FDA announced last week that the lengthy delay that punctuates the initial approval of a medical product and it reaching the hands of consumers is to be addressed in a planned project in which the Agency will make joint approval decisions with the Medicare division of the Centers for Medicare and Medicaid Services (CMS). The move could potentially benefit the 45 million-strong elderly and disabled population covered by Medicare. But what is the flipside?
FDA aims to instigate a pilot project, due to begin after a public comment period, to explore an ‘overlapping’ decision-making and approval process with CMS — where the product sponsor and both agencies agree to a parallel review — designed to speed up a product’s journey from FDA marketing approval to CMS national coverage determination (NCD).
At present, the process can be frustratingly slow, as products undergo another review by Medicare officials for health insurance coverage purposes after winning FDA approval. In its September 16 notice, FDA conceded that a “positive coverage decision after a long time lag following FDA approval or clearance can delay consumer access to new medical products.”
The planned move could have some far-reaching implications. Reuters highlighted that the process could affect people not on Medicare, as Medicare’s coverage decisions often influence private insurers’ own reimbursement policies. Ultimately, “a decision by Medicare to cover a new product can speed its adoption in the wider marketplace”.

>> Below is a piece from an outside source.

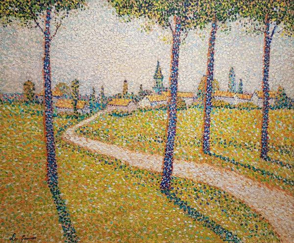 Curator: Paul Signac's "The Velodrome," completed in 1899, gives us a glimpse into a bustling bicycle race of the era. Note the oil paint, so characteristic of his neo-impressionistic technique. Editor: My first impression is sunshine! The painting bursts with yellow and the atmosphere just feels energetic. Is that the Petit Parc in the background? Curator: Indeed! You have a sharp eye for the symbolism here. The juxtaposition of leisure – the bicycle race – against the backdrop of factories signals changing attitudes toward industrialization, doesn’t it? Editor: Absolutely. But also, the riders circling evoke something primal: wheels repeating motion, like a dance. Notice the little umbrella pops that form little spots of contrast amidst the crowds... Curator: Which is typical for Signac's pointillist style. Consider that this image is entirely made up of distinct dots; observe that application of paint. These are not blended, allowing optical mixing within the viewer’s eye, thus producing such a heightened chromatic effect. What thoughts does it evoke in regards to its cultural context? Editor: What I am struck by are the advertisements on the stadium, painted prominently! How can we separate these brands, symbols of progress and industry, from the leisure that is suggested in the event? The consumer spectacle comes into full swing. Curator: Very insightful observation about consumerism beginning in plain sight within cultural memory. These leisure spaces served commercial interests even then. Editor: Thinking about these overlapping cultural themes, "The Velodrome" captures both speed and standstill, commercial frenzy and fleeting moment. It resonates even now, echoing themes that were prevalent in their society then that persist in the present day. Curator: Absolutely! And on closer look, analyzing these historical practices and social functions behind this art making is truly essential to how this work persists within cultural understanding.

But concerns were voiced by Edward Berger, of Larchmont Strategic Advisors, in a blog post for MassDevice News. Berger raised doubts about the project’s potential for synchronicity, and warned that it could herald the widely feared arrival of health economics to the regulatory approval process, a state of affairs well known in Europe.
“The intrusion of cost-benefit considerations into the regulatory approval equation has for some time defined industry’s worst nightmare and the fear… is that free communication between FDA and CMS would open the door to using cost as a market approval consideration,” said Berger. He added that existing examples of Medicare coverage and payment determinations that “were essentially simultaneous with FDA market clearance” (such as drug-eluting stents), have established that the “vast majority of new technologies and drugs have not benefited from the compressed timeline to coverage that is the attraction of a parallel review process.”
Public comments on the FDA/CMS proposal can be submitted at regulations.gov until December 16.